Exercise data:
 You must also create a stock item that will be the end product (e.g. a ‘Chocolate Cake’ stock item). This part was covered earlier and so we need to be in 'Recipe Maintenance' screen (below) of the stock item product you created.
--
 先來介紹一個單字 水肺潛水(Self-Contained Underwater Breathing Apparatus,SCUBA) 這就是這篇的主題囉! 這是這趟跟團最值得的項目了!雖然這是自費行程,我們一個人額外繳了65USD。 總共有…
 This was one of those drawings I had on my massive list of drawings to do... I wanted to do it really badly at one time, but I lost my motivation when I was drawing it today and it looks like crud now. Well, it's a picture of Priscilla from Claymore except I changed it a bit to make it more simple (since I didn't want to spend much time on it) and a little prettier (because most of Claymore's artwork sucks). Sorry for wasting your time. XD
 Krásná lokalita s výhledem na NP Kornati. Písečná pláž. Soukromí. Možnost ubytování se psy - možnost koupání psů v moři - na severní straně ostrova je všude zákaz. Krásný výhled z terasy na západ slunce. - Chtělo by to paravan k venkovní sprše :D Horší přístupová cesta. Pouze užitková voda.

Task objective:
Would you show every line in the data above that contains the string "This"?

Output below:
 You must also create a stock item that will be the end product (e.g. a ‘Chocolate Cake’ stock item). This part was covered earlier and so we need to be in 'Recipe Maintenance' screen (below) of the stock item product you created.
 This was one of those drawings I had on my massive list of drawings to do... I wanted to do it really badly at one time, but I lost my motivation when I was drawing it today and it looks like crud now. Well, it's a picture of Priscilla from Claymore except I changed it a bit to make it more simple (since I didn't want to spend much time on it) and a little prettier (because most of Claymore's artwork sucks). Sorry for wasting your time. XD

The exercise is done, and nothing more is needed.